* [Task objective]: Could you restate the data below word for word, without its pictures?

Data extract section start

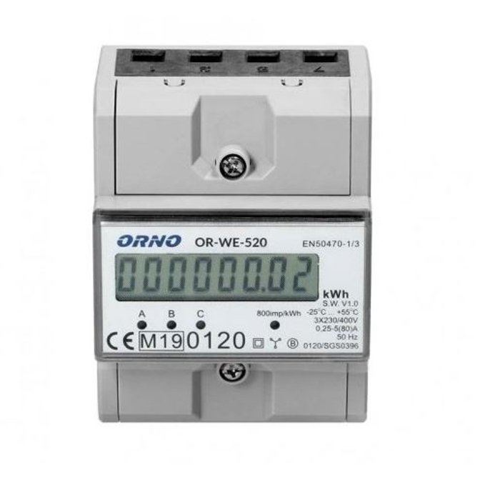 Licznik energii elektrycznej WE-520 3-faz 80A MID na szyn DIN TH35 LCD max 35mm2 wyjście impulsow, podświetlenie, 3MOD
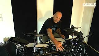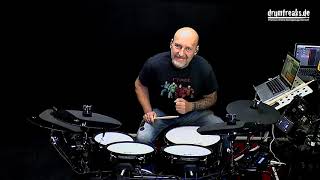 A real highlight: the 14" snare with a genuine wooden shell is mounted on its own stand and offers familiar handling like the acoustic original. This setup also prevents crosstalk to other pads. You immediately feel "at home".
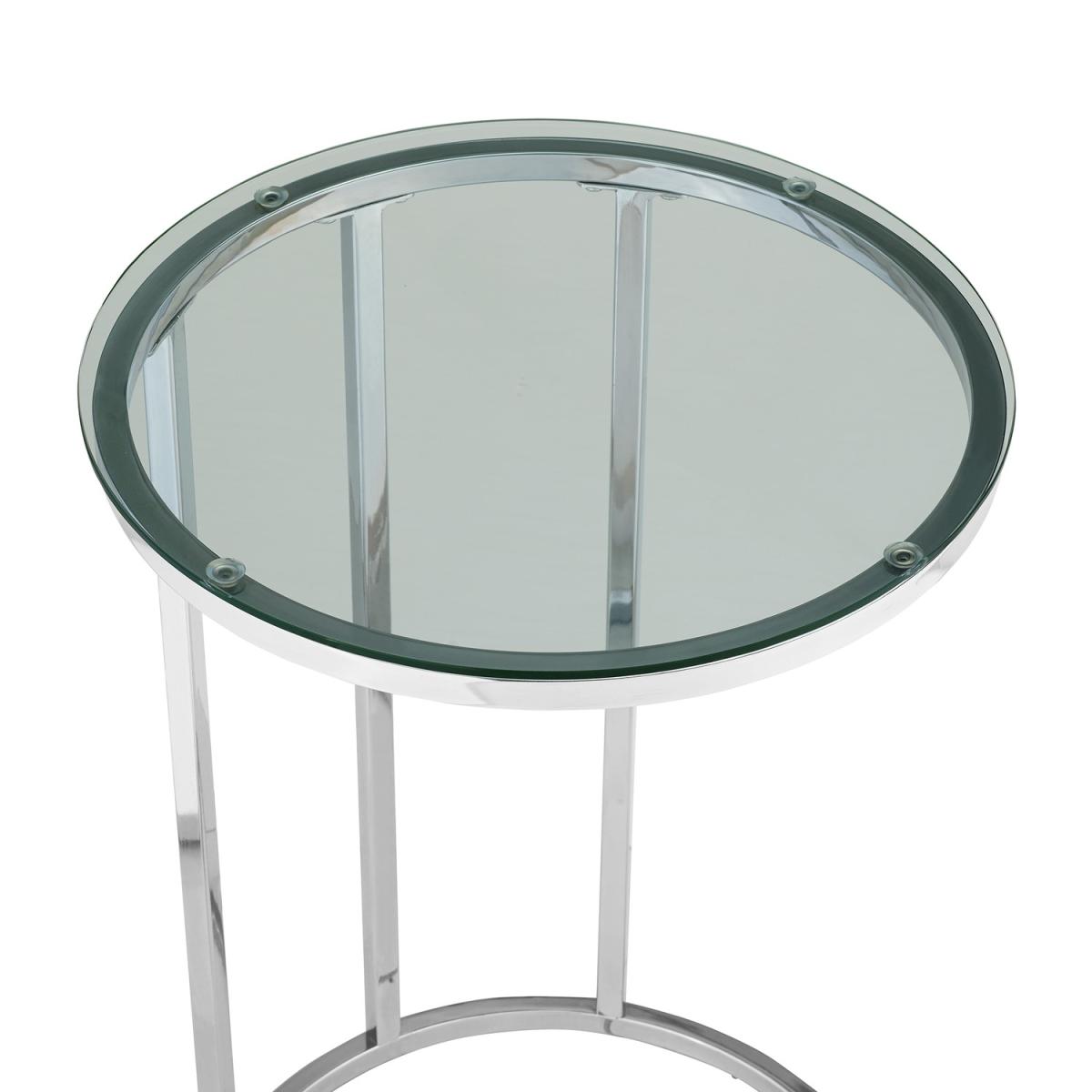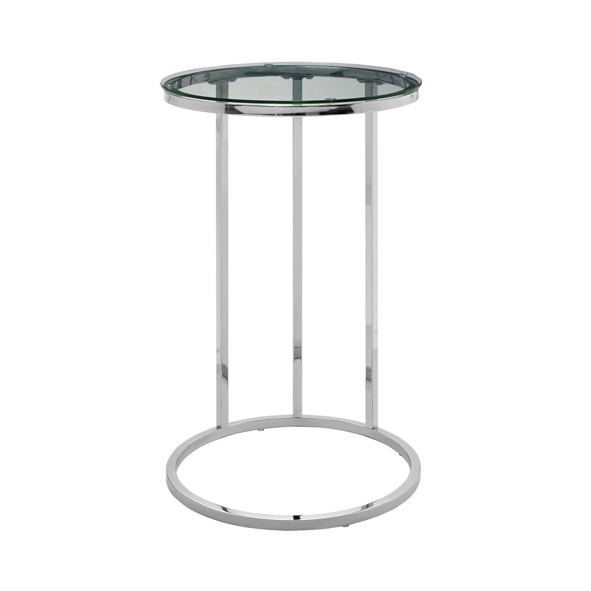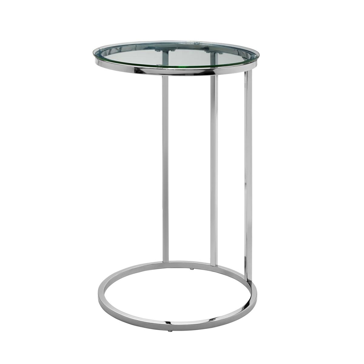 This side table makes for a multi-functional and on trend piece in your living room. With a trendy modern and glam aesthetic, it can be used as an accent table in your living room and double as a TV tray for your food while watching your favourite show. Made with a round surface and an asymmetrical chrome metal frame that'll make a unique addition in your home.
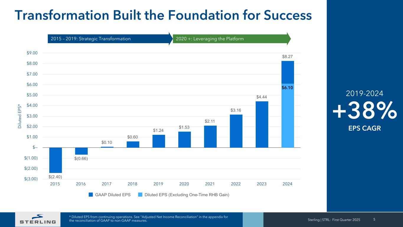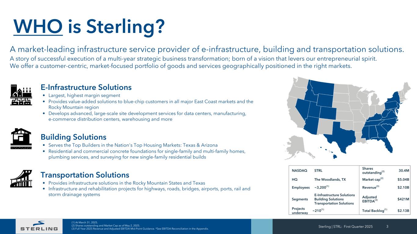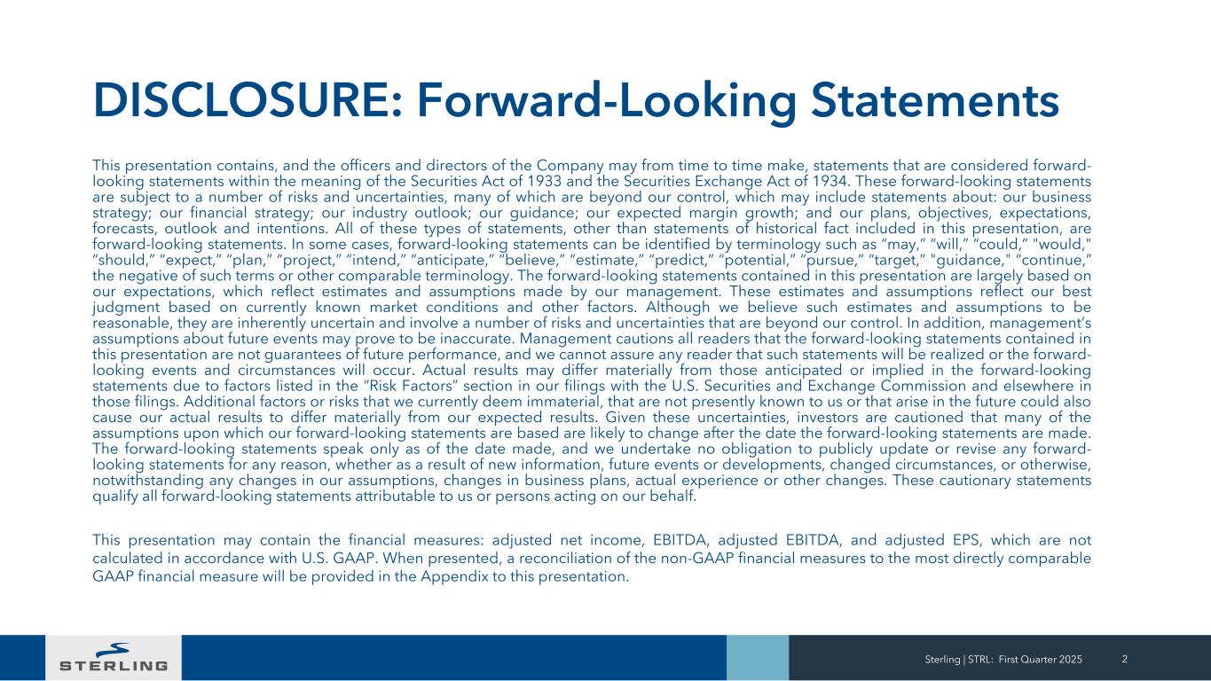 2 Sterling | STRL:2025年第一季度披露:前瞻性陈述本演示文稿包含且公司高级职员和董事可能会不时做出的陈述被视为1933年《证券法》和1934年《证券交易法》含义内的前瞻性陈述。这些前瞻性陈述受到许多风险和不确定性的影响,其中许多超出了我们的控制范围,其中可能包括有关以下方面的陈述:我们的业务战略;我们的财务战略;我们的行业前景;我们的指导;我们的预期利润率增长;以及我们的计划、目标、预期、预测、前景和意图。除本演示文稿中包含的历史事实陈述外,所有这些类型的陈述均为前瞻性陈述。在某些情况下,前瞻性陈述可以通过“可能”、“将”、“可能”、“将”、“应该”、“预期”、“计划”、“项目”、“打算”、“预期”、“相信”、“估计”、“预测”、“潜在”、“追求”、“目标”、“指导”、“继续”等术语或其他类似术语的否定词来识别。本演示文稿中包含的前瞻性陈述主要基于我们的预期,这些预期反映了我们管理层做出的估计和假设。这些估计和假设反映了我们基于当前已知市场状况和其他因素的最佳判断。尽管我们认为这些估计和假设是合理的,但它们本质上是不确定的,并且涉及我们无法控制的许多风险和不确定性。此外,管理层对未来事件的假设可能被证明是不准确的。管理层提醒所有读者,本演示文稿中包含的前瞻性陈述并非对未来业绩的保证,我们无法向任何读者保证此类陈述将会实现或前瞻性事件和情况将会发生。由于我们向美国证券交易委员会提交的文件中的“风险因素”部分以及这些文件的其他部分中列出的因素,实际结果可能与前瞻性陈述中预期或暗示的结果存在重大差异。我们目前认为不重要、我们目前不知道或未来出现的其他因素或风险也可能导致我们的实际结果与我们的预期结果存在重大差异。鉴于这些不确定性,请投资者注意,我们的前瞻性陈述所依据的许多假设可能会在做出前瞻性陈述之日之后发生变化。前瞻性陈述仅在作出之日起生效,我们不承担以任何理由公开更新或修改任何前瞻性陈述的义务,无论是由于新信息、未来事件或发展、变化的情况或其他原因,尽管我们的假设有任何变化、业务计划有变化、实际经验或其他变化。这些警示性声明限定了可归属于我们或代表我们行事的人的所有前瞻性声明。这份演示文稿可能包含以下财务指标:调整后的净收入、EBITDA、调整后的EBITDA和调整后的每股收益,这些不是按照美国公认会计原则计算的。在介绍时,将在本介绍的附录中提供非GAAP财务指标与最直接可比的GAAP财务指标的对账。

Data extract section end

* [Solution]:
 Licznik energii elektrycznej WE-520 3-faz 80A MID na szyn DIN TH35 LCD max 35mm2 wyjście impulsow, podświetlenie, 3MOD
 A real highlight: the 14" snare with a genuine wooden shell is mounted on its own stand and offers familiar handling like the acoustic original. This setup also prevents crosstalk to other pads. You immediately feel "at home".
 This side table makes for a multi-functional and on trend piece in your living room. With a trendy modern and glam aesthetic, it can be used as an accent table in your living room and double as a TV tray for your food while watching your favourite show. Made with a round surface and an asymmetrical chrome metal frame that'll make a unique addition in your home.
 2 Sterling | STRL:2025年第一季度披露:前瞻性陈述本演示文稿包含且公司高级职员和董事可能会不时做出的陈述被视为1933年《证券法》和1934年《证券交易法》含义内的前瞻性陈述。这些前瞻性陈述受到许多风险和不确定性的影响,其中许多超出了我们的控制范围,其中可能包括有关以下方面的陈述:我们的业务战略;我们的财务战略;我们的行业前景;我们的指导;我们的预期利润率增长;以及我们的计划、目标、预期、预测、前景和意图。除本演示文稿中包含的历史事实陈述外,所有这些类型的陈述均为前瞻性陈述。在某些情况下,前瞻性陈述可以通过“可能”、“将”、“可能”、“将”、“应该”、“预期”、“计划”、“项目”、“打算”、“预期”、“相信”、“估计”、“预测”、“潜在”、“追求”、“目标”、“指导”、“继续”等术语或其他类似术语的否定词来识别。本演示文稿中包含的前瞻性陈述主要基于我们的预期,这些预期反映了我们管理层做出的估计和假设。这些估计和假设反映了我们基于当前已知市场状况和其他因素的最佳判断。尽管我们认为这些估计和假设是合理的,但它们本质上是不确定的,并且涉及我们无法控制的许多风险和不确定性。此外,管理层对未来事件的假设可能被证明是不准确的。管理层提醒所有读者,本演示文稿中包含的前瞻性陈述并非对未来业绩的保证,我们无法向任何读者保证此类陈述将会实现或前瞻性事件和情况将会发生。由于我们向美国证券交易委员会提交的文件中的“风险因素”部分以及这些文件的其他部分中列出的因素,实际结果可能与前瞻性陈述中预期或暗示的结果存在重大差异。我们目前认为不重要、我们目前不知道或未来出现的其他因素或风险也可能导致我们的实际结果与我们的预期结果存在重大差异。鉴于这些不确定性,请投资者注意,我们的前瞻性陈述所依据的许多假设可能会在做出前瞻性陈述之日之后发生变化。前瞻性陈述仅在作出之日起生效,我们不承担以任何理由公开更新或修改任何前瞻性陈述的义务,无论是由于新信息、未来事件或发展、变化的情况或其他原因,尽管我们的假设有任何变化、业务计划有变化、实际经验或其他变化。这些警示性声明限定了可归属于我们或代表我们行事的人的所有前瞻性声明。这份演示文稿可能包含以下财务指标:调整后的净收入、EBITDA、调整后的EBITDA和调整后的每股收益,这些不是按照美国公认会计原则计算的。在介绍时,将在本介绍的附录中提供非GAAP财务指标与最直接可比的GAAP财务指标的对账。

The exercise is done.